Who can tell me what this bit of C++ does?

CUSTOMVERTEX* pVertexArray;
if( FAILED( m_pVB->Lock( 0, 0, (void**)&pVertexArray, 0 ) ) ) {
return E_FAIL;
}
pVertexArray[0].position = D3DXVECTOR3(-1.0, -1.0, 1.0);
pVertexArray[1].position = D3DXVECTOR3(-1.0, 1.0, 1.0);
pVertexArray[2].position = D3DXVECTOR3( 1.0, -1.0, 1.0);
...
I've not touched C++ for a while - hence the topic but this bit of code is confusing myself. After the m_pVB->Lock is called the array is initialized.
This is great and all but the problem I'm having is how this happens. The code underneath uses nine elements, but another function (pretty much copy/paste) of the code I'm working with only access say four elements.

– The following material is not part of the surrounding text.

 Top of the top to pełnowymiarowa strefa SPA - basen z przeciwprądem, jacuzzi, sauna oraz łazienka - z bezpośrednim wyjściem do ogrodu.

CUSTOMVERTEX is a struct, but I was under the impression that this matters not and that an array of structs/objects need to be initialized to a fixed size.
Can anyone clear this up?
Edit:
Given the replies, how does it know that I require nine elements in the array, or four etc...?
So as long as the buffer is big enough, the elements are legal. If so, this code is setting the buffer size if I'm not mistaken.

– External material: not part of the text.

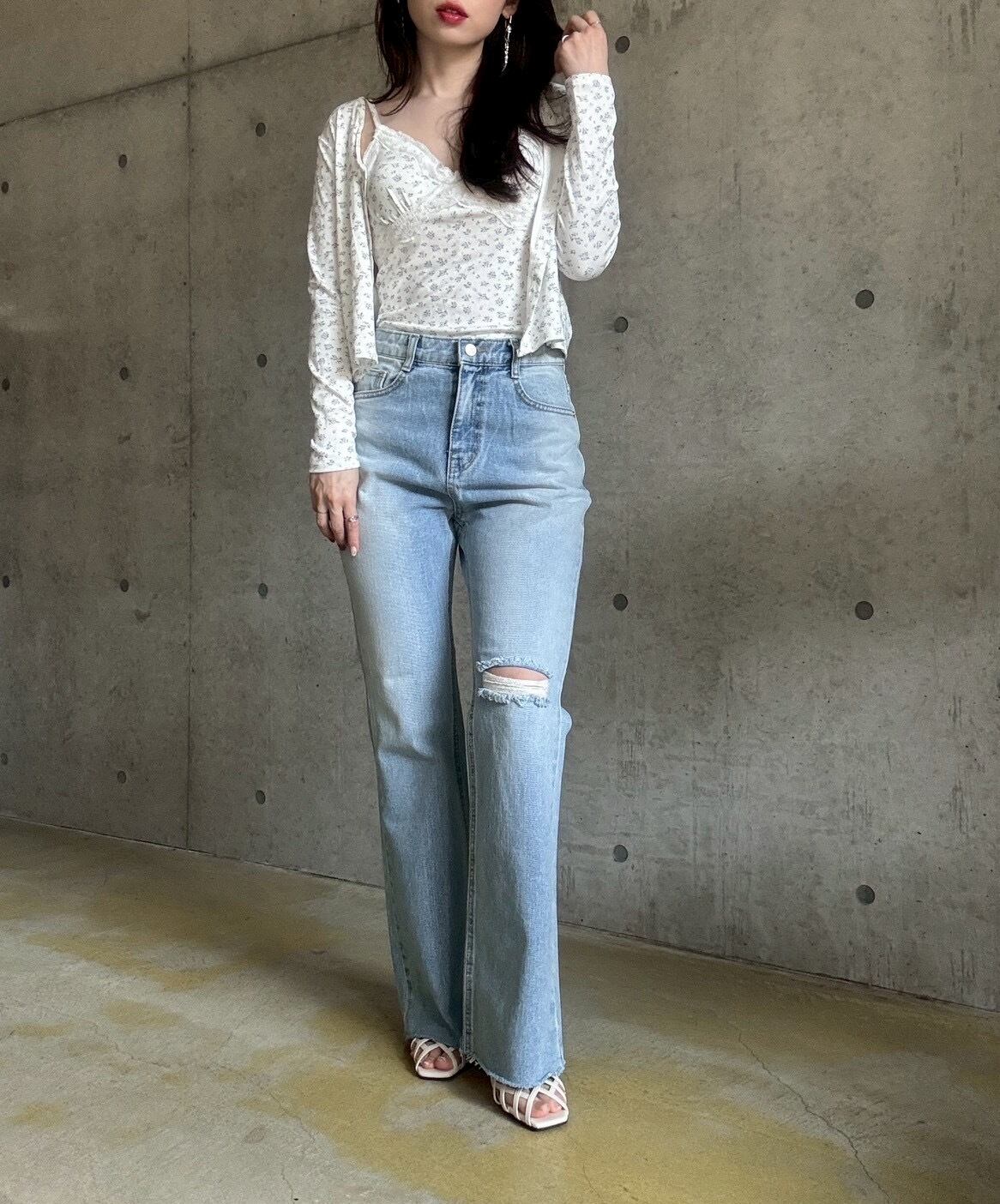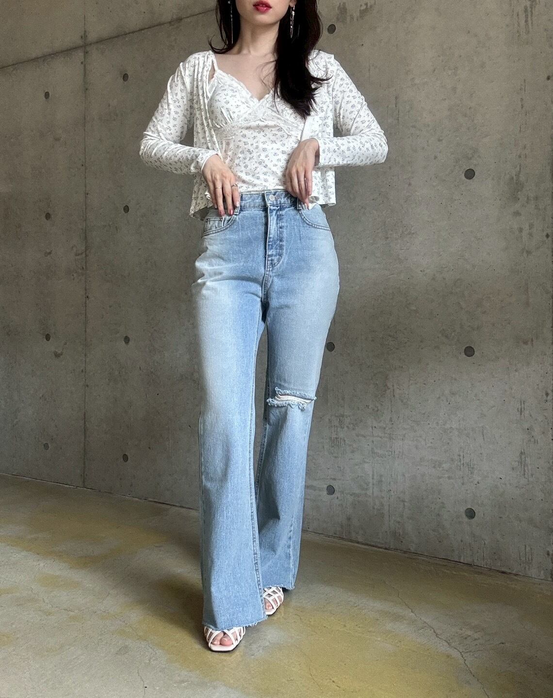 【4/25 21:00〜】カットソー小花柄キャミソール+カーディガンset【ホワイト】

if( FAILED( m_pd3dDevice->CreateVertexBuffer( vertexCount * sizeof(CUSTOMVERTEX), 0, D3DFVF_CUSTOMVERTEX, D3DPOOL_DEFAULT, &m_pVB, NULL ) ) ) {
return E_FAIL;
}
m_pVB points to a graphics object, in this case presumably a vertex buffer. The data held by this object will not generally be in CPU-accessible memory - it may be held in onboard RAM of your graphics hardware or not allocated at all; and it may be in use by the GPU at any particular time; so if you want to read from it or write to it, you need to tell your graphics subsystem this, and that's what the Lock() function does - synchronise with the GPU, ensure there is a buffer in main memory big enough for the data and it contains the data you expect at this time from the CPU's point of view, and return to you the pointer to that main memory. There will need to be a corresponding Unlock() call to tell the GPU that you are done reading / mutating the object.
To answer your question about how the size of the buffer is determined, look at where the vertex buffer is being constructed - you should see a description of the vertex format and an element count being passed to the function that creates it.

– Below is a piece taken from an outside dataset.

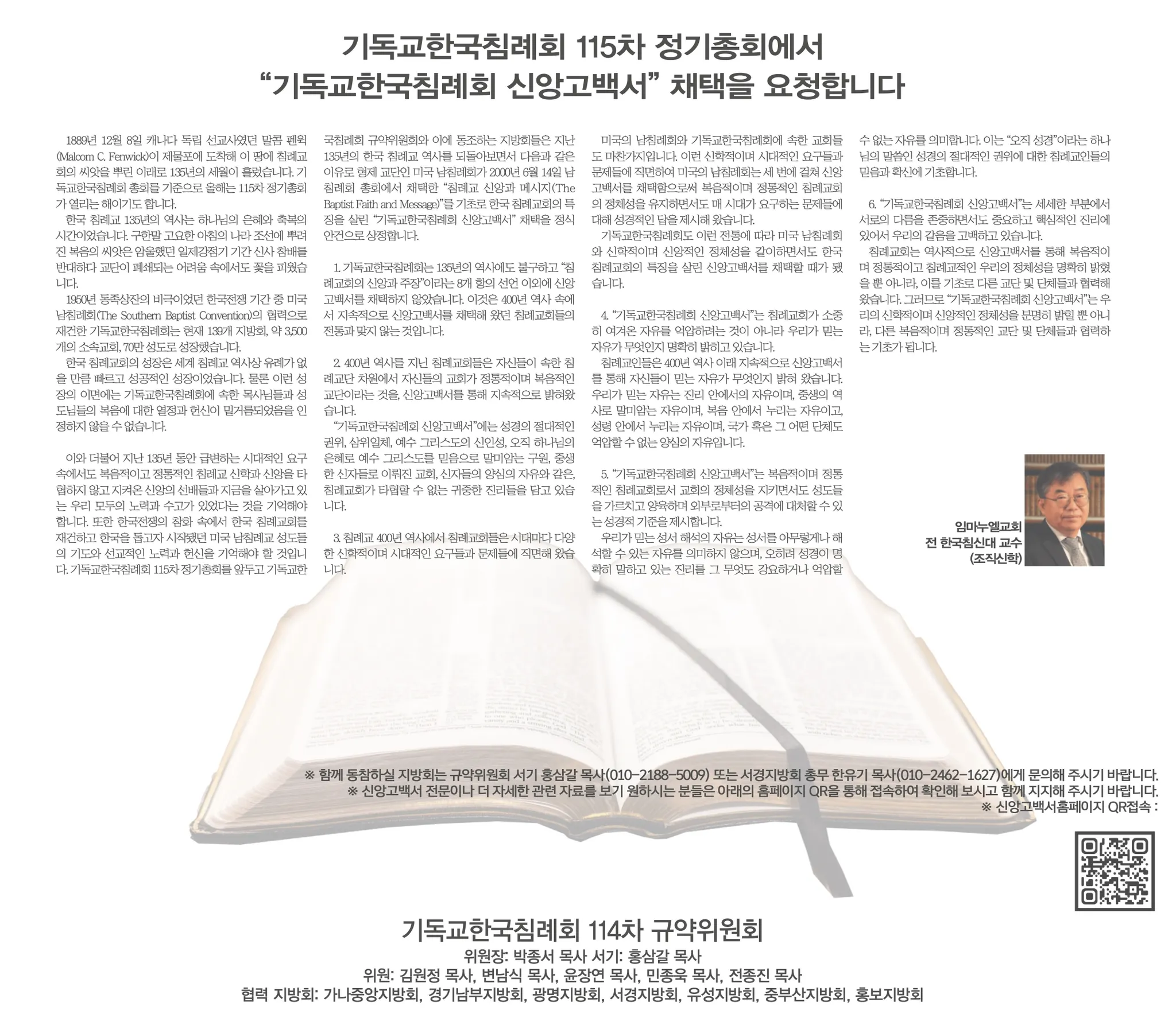 이번 제 115차 기독교한국침례교 총회 신앙고백서 채택을 위해 기재되는 관련 기고문입니다.

You're pasing a pointer to the CUSTOMVERTEX pointer (pointer to a pointer) into the lock function so lock itself must be/ needs to be creating the CUSTOMVERTEX object and setting your pointer to point to the object it creates.
In order to modify a vertex buffer in DX you have to lock it. To enforce this the DX API will only reveal the guts of a VB through calling Lock on it.
Your code is passing in the address of pVertexArray which Lock points at the VB's internal data. The code then proceeds to modify the vertex data, presumably in preparation for rendering.
You're asking the wrong question, it's not how does it know that you require x objects, it's how YOU know that IT requires x objects. You pass a pointer to a pointer to your struct in and the function returns the pointer to your struct already allocated in memory (from when you first initialized the vertex buffer). Everything is always there, you're just requesting a pointer to the array to work with it, then "release it" so dx knows to read the vertex buffer and upload it to the gpu.
When you created the vertex buffer, you had to specify a size. When you call Lock(), you're passing 0 as the size to lock, which tells it to lock the entire size of the vertex buffer.